Yes - but I'm talking about spin/poll-waiters.

> [...] However, there are 2 additional source of mutex lockers besides those in 
> the sleep queue:
>
> 1. New tasks trying to acquire the mutex and currently in the fast path.
> 2. Mutex spinners (CONFIG_MUTEX_SPIN_ON_OWNER on) who are spinning
> on the owner field and ready to acquire the mutex once the owner
> field change.
> 
> The 2nd and 3rd patches are my attempts to limit the second types of mutex 
> lockers.

Even the 1st patch seems to do that, it limits the impact of spin-loopers, right?

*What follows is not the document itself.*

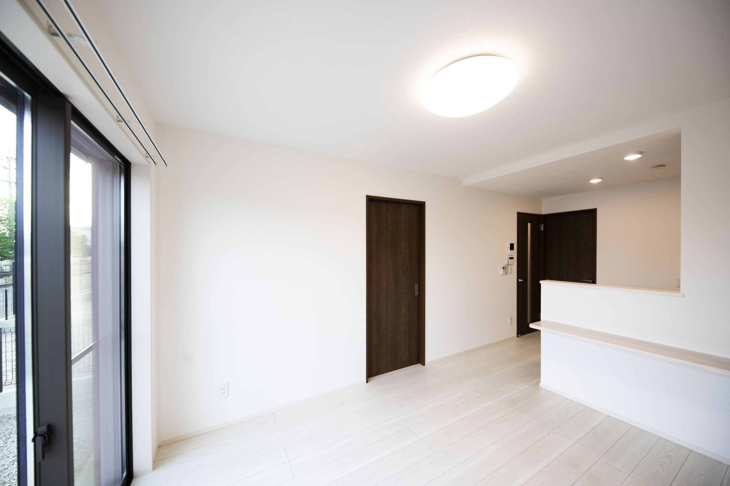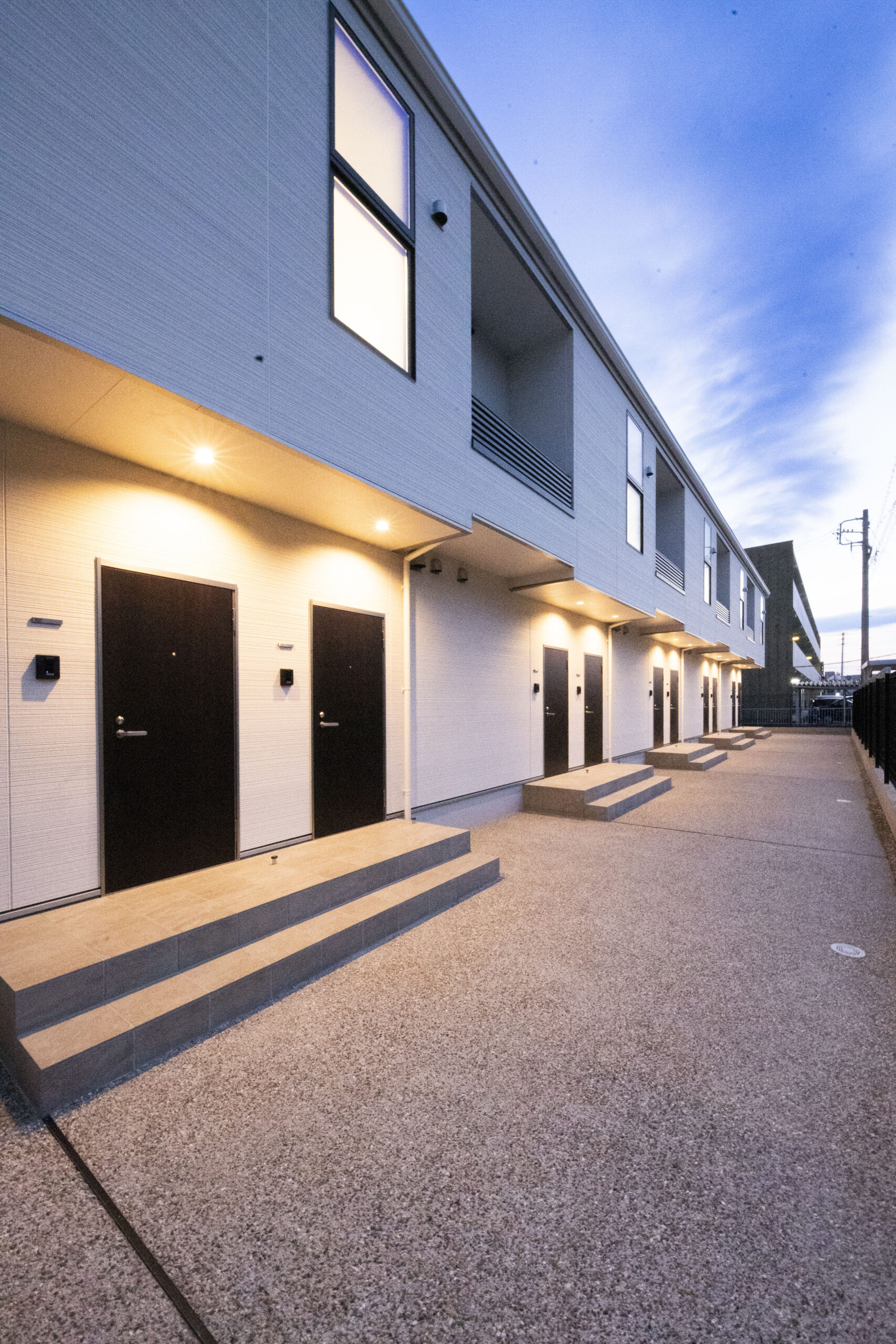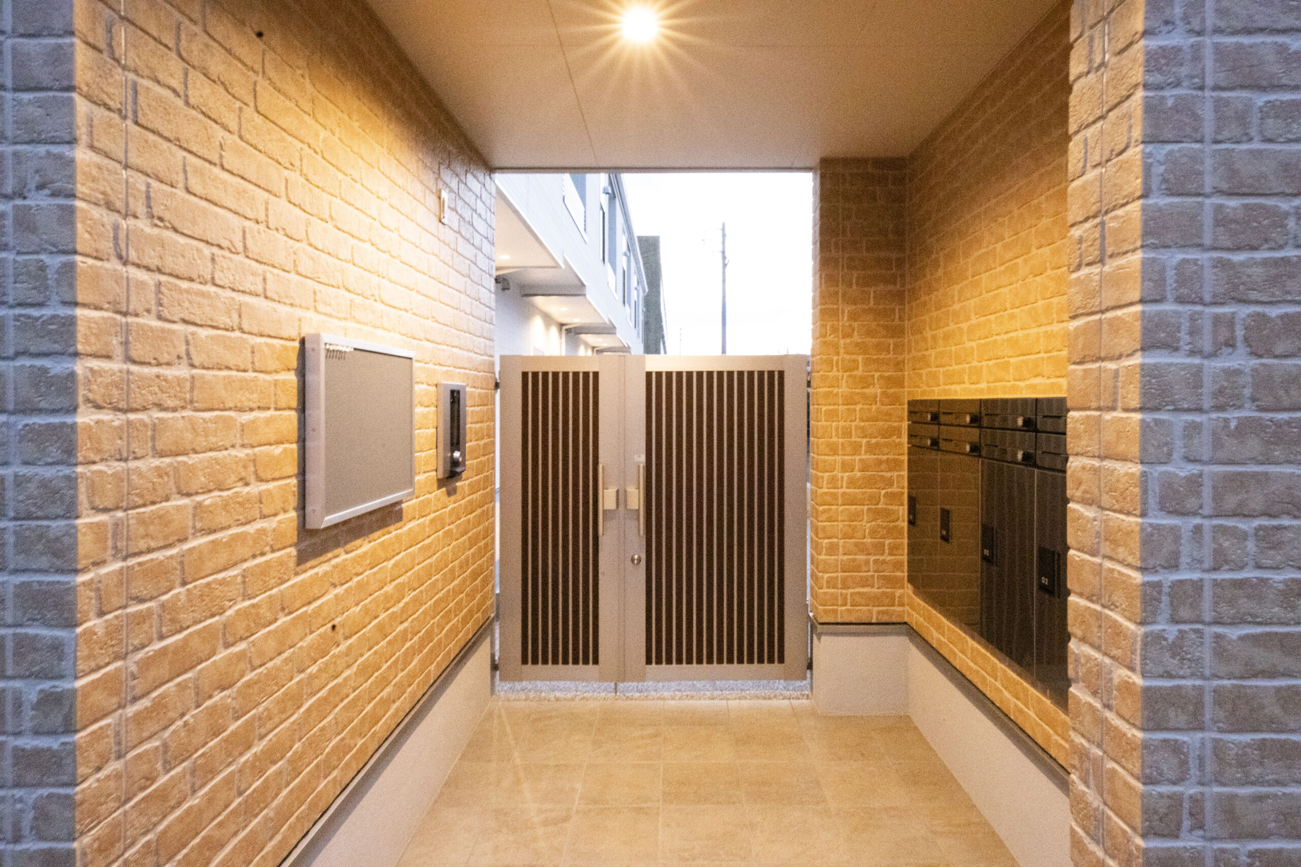 物件には、入居者の快適な暮らしを支える設備を数多く備えています。エントランスは独立棟とし、オートロックを導入することでセキュリティを強化。浴室には暖房乾燥機を標準設置し、寒い季節も快適に過ごせるほか、天候を気にせず洗濯物を乾かすことができます。共用部のごみ置場にはストッカーを設置し、猫やカラスによる被害を防止。各住戸にも暮らしやすさを高める工夫を施しました。キッチン前のカウンターは食事や勉強に便利で、ダイニングテーブルを置かずに生活できる設計。2階のLDKにはワークスペースを設け、書斎や家事コーナーとして活用できます。室内には床に水に強い素材を用いた物干コーナーを設け、日常の家事をサポート。さらに1階住戸には広々とした専用庭を設置し、リビングからの空間に広がりをもたせるとともに、ガーデニングやお子様の遊び場、アウトドア用品のお手入れなど多彩な使い方を楽しんでいただけます。

I'm fine with patch #1 [your numbers are proof enough that it helps while the low 
client count effect seems to be in the noise] - the questions that seem open to me 
are:

 - Could the approach in patch #1 be further improved by an additional patch that 
   adds queueing to the _spinners_ in some fashion - like ticket spin locks try to
   do in essence? Not queue the blocked waiters (they are already queued), but the
   active spinners. This would have additional benefits, especially with a high
   CPU count and a high NUMA factor, by removing the stampede effect as owners get 
   switched.

 - Why does patch #2 have an effect? (it shouldn't at first glance) It has a 
   non-trivial cost, it increases the size of 'struct mutex' by 8 bytes, which 
   structure is embedded in numerous kernel data structures. When doing 
   comparisons I'd suggest comparing it not to just vanilla, but to a patch that
   only extends the struct mutex data structure (and changes no code) - this
   allows the isolation of cache layout change effects.

 - Patch #3 is rather ugly - and my hope would be that if spinners are queued in
   some fashion it becomes unnecessary.

Thanks,

	Ingo